Background: The pulse oximeter perfusion index (PI) has been used to indicate sympathectomy-induced vasodilatation. We hypothesized that pulse oximeter PI provides an earlier and clearer indication of sympathectomy following epidural anesthesia than skin temperature and arterial pressure.
Methods: Forty patients received lumbar epidural catheters. Patients were randomized to receive either 10 ml 0.5% bupivacaine or 10 ml 0.25% bupivacaine. PI in the toe, mean arterial pressure (MAP) and toe temperature were all assessed at baseline and at 5, 10 and 20 min following epidural anesthesia. The effect of epidural anesthesia over time was assessed by repeated measures analysis of variance. Additionally, we defined clinically evident sympathectomy criteria (a 100% increase in the PI, a 15% decrease in MAP and a 1 degrees C increase in toe temperature). The numbers of patients demonstrating these changes for each test were compared using the McNemar test for each time point.

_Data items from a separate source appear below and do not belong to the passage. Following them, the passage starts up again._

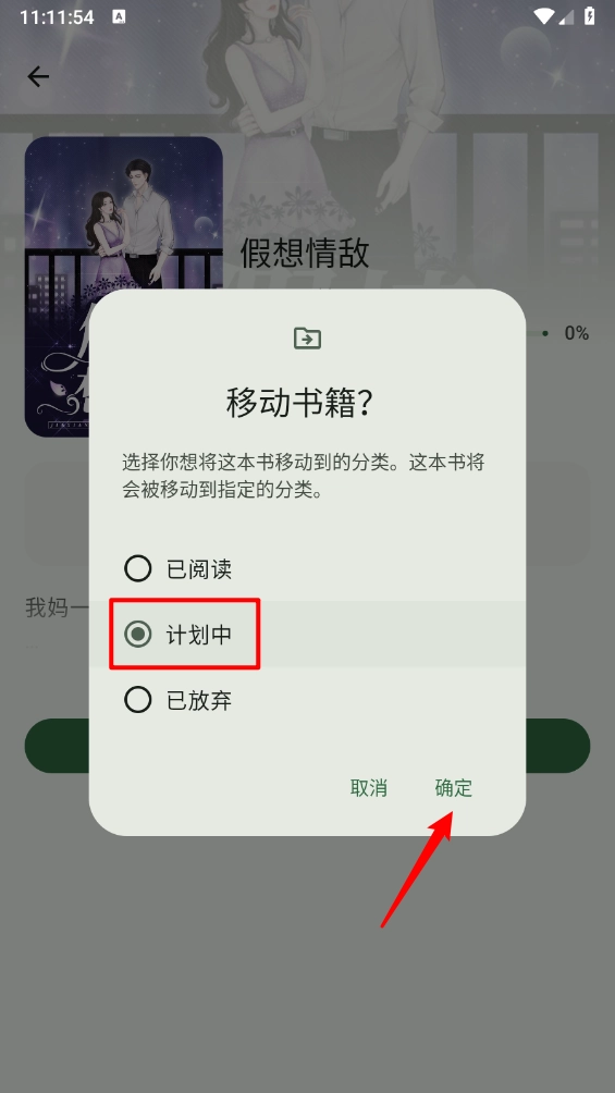 然后选择"计划中",点击"确定"即可。
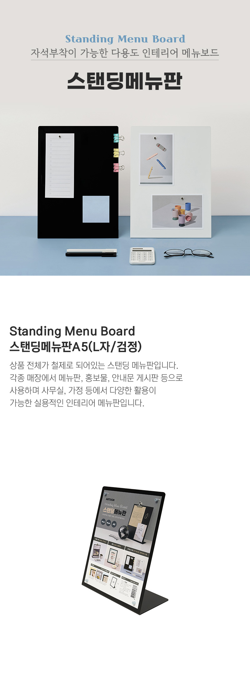 • 스탠딩메뉴판A5(L자/검정)
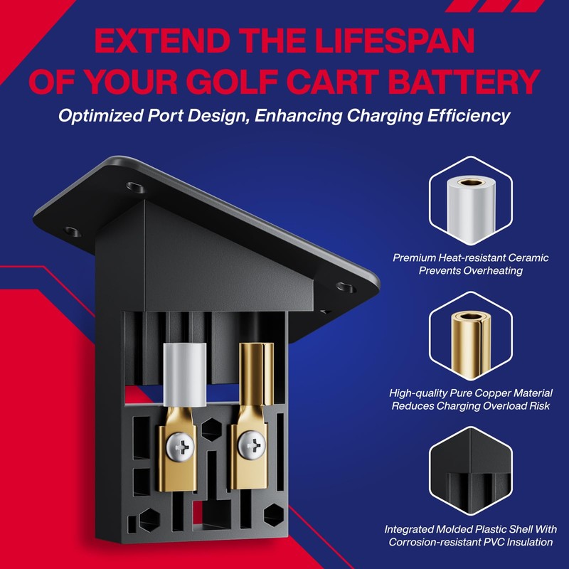 - [High Quality Material]: Golf cart charger socket and handle plug are made of high quality material, prevent wear and loose caused by frequent plugging, can withstand high temperature and long time charging pressure
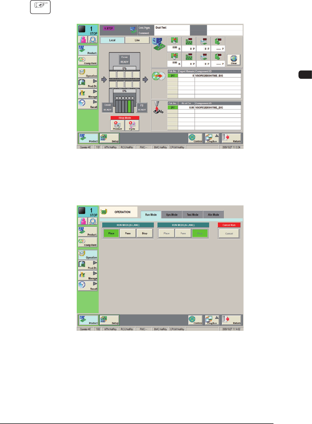 1OM-1610 3-10 1. Automatic Operation : Chap.3 091 1-001 (3) Press the [Place] button (entitled "Run Mode"). Note Press the [Pass] button (entitled "RUN MD") to set the "Pass" mode. When the …

Results: Twenty-nine subjects had photoplethysmography signals that met a priori signal quality criteria for analysis. By 20 min, PI increased by 326%, compared with a 10% decrease and a 3% increase in MAP and toe temperature, respectively. For PI 15/29, 26/29 and 29/29 of the subjects met the sympathectomy criteria at 5, 10 and 20 min, respectively, compared with 4/29, 6/29 and 18/29 for MAP changes and 3/29, 8/29 and 14/29 for toe temperature changes.
Conclusions: PI was an earlier, clearer and more sensitive indicator of the development of epidural-induced sympathectomy than either skin temperature or MAP.
Trial registration: ClinicalTrials.gov NCT00197353.